Average Precision (AP), more commonly, further averaged over all queries and reported as a single score — Mean Average Precision (MAP) — is a very popular performance measure in information retrieval. However, it is quite tricky to interpret and compare the scores that are seen. From my observations, most hard challenges (TRECVID Semantic Indexing / Genre Classification) have very low (0.05 to 0.3) MAP scores (max 1).
This post is my view on what the score conveys. I will also try to interpret what is a “good” MAP score, and what is “bad”. While this depends on the application, it is still good to have an idea of what to expect.
So firstly, what is MAP, or AP. Suppose we are searching for images of a flower and we provide our image retrieval system a sample picture of a rose (query), we do get back a bunch of ranked images (from most likely to least likely). Usually not all of them are correct. So we compute the precision at every correctly returned image, and then take an average. If our returned result is
1, 0, 0, 1, 1, 1
where 1 is an image of a flower, while 0 not, then the precision at every correct point is: how many correct images have been encountered up to this point (including current) divided by the total images seen up to this point.
1/1, 0, 0, 2/4, 3/5, 4/6
The AP for above example is 0.6917 (see comments).

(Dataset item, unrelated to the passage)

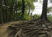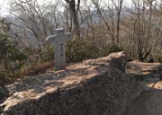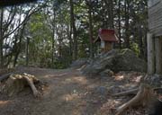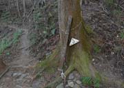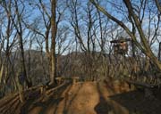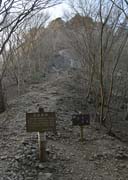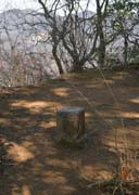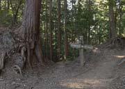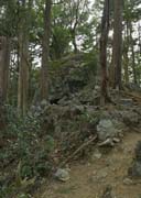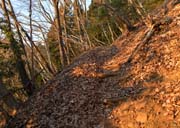 | 子ノ権現にはお参りせずに通過して、駐車場の脇からの細い急降りの路に入ります。 尾根筋の登山道から外れないように注意しながら、いくつかのピークを越えると、ロープで栃屋ノ頭(522mピーク)にたどり着きます。 この付近、尾根の北側は崖なので要注意です。 やがて路は林道に降り着き、しばらく林道を歩いて、前坂への登り口へ。 山腹をたどって尾根に戻れば少しで前坂の十字路でした。天覚山どころか大高山までもまだ遠く・・・。 尾根路を進んで大岩を回り込み、ダンダンダンとピークを越えて、最後の急坂を登り詰めると、見覚えのある天覚山手前の広場でした。 | |||
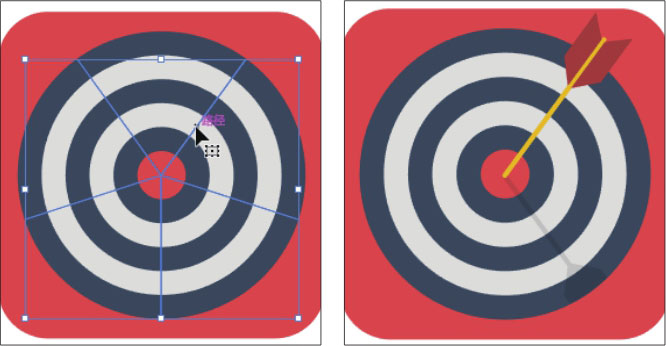 使用“选择工具”选中网格中间的分隔线,按【Delete】键将其删除,最后使用“钢笔工具”在右侧绘制箭及其投影图形,完成图标制作。

0.461, and although of the 6 images returned 4 are correct, the AP is less than half! This is precisely what makes the score somewhat hard to understand.
A simple way to interpret is to produce a combination of zeros and ones which will give the required AP.
For example, an AP of 0.5 could have results like
0, 1, 0, 1, 0, 1, ...
where every second image is correct, while an AP of 0.333 has
0, 0, 1, 0, 0, 1, 0, 0, 1, ...
where every third image is correct.
Hopefully, it is clear by now that for an AP of 0.1, every 10th image will be correct, and that is definitely a bad retrieval system. On the other hand, for an AP above 0.5, we will encounter more correct images than wrong in the top results which is definitely a good sign.
MAP is just an extension, where the mean is taken across all AP scores for many queries, and again the above interpretation should hold true. Does your system have a MAP > 0.5? 🙂
Further, I would consider an improvement in MAP score from 0.2 (every 5th) to 0.4 (every 2nd/3rd) as much more significant than an improvement from 0.7 to 0.9 when the results are already pretty good.
While, the possibility to estimate a MAP score given the (multi-class) classification accuracy still remains a mystery to me, any other interpretations are more than welcome!
UPDATE 1: Another measure, the Mean Reciprocal Rank is equivalent to MAP when the number of correct elements in the returned list is just 1. In that case, we simply use the precision at that point, or the reciprocal index of the correct location and average across all queries. Thanks to zhangmeng1010 for the tip.